While the effects of this cognitive bias are well-documented, scientists have sought to understand its underlying mechanisms. What happens in the brain when someone encounters facts that contradict their beliefs? Why do people sometimes reject facts and become even more entrenched in their views, displaying the backfire effect?
Group Polarization Explained
A classic experiment on opinion polarization works as follows. Participants are told that one basket contains 60% red balls and 40% black balls, while another basket has the opposite ratio. Then, a ball of a third color (e.g., white) is drawn, and participants are asked to estimate which basket it came from. One group must state their opinion aloud after each draw, while another group only gives their opinion at the end.
The experiment showed that the first group became increasingly confident that the white balls came from a specific basket, leading to stronger polarization. The “silent” group did not show this effect. Researchers believe that polarization occurs when people are required to state their opinions publicly, making those opinions more extreme than decisions made privately. Some experts also suggest that people can reinforce their beliefs simply by thinking about them, even without new evidence.
The Backfire Effect in Action
The backfire effect is a cognitive bias that occurs in an individual brain, either during group polarization or independently. The term “backfire effect” was first used by Brendan Nyhan and Jason Reifler in their 2006 paper “When Corrections Fail: The Persistence of Political Misperceptions,” with a revised version published in Political Behavior in 2010 (doi: 10.1007/s11109-010-9112-2).
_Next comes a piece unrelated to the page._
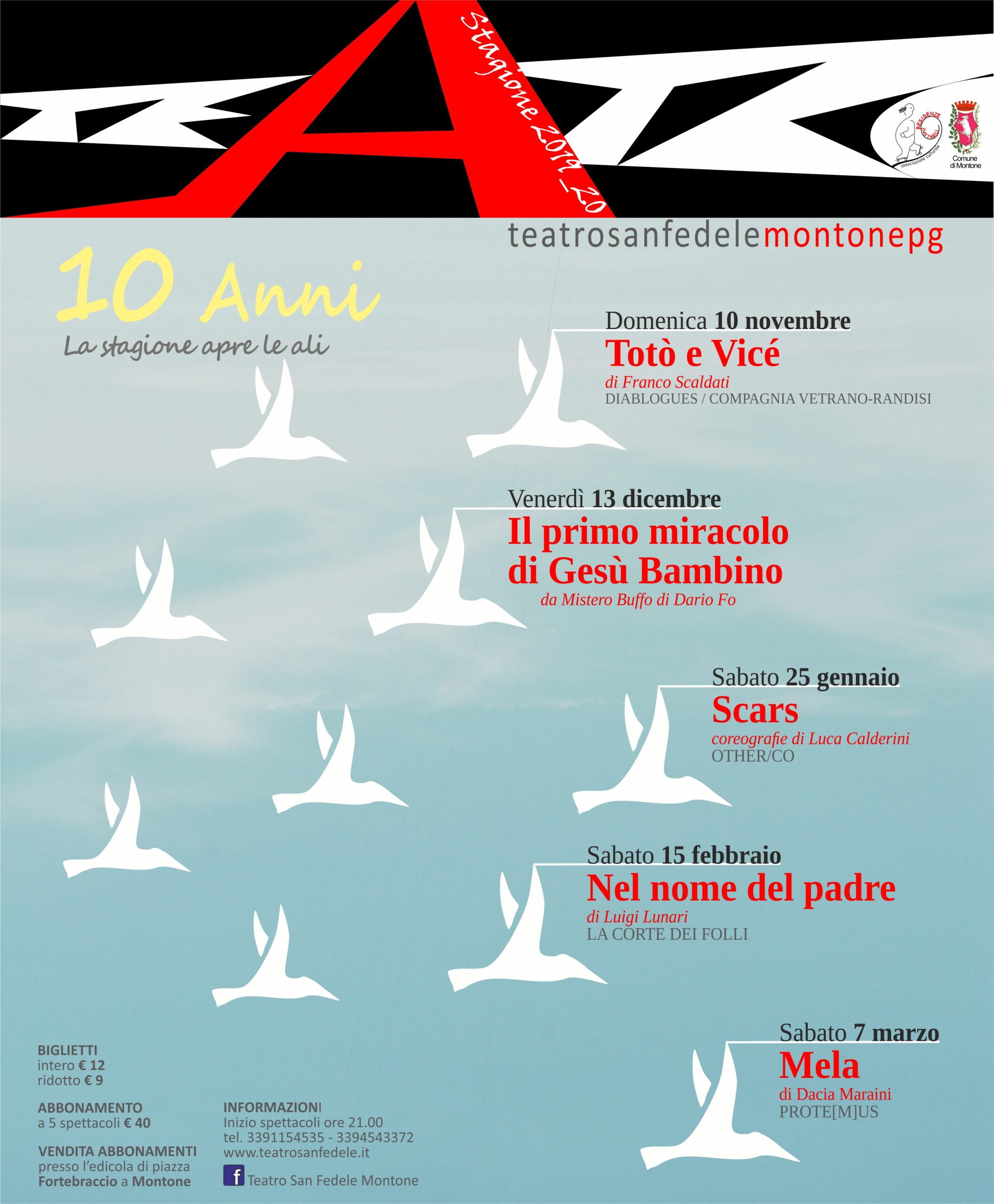 L’Associazione Residenze Instabili, presenta con entusiasmo rinnovato al suo decimo anno di attività’, la nuova Stagione di Prosa 2019/20 promossa al Teatro San Fedele di Montone (Pg). Una stagione che prenderà’ il volo!!! Dalla prossima sett

In one experiment, participants were given an article containing a false fact. One group received only the false information, while another group received the same article with a correction at the end. Participants were then asked factual questions and for their opinions. The false fact used was the claim that Iraq had weapons of mass destruction before the U.S. invasion, followed by a correction. The article included a real quote from President Bush in October 2004, which implied the existence of such weapons.
Another study tested whether public support for the Iraq invasion was driven by fear of death after 9/11 and repeated media references to mortality (“mortality salience”).
The results largely confirmed the backfire effect. Corrections had little to no effect on average, but when political views were considered, a clear polarization emerged. People with very liberal views were less likely to believe the false claim after seeing the correction, while conservatives paradoxically became even more convinced that Iraq had weapons of mass destruction. In other words, official corrections only strengthened their original beliefs.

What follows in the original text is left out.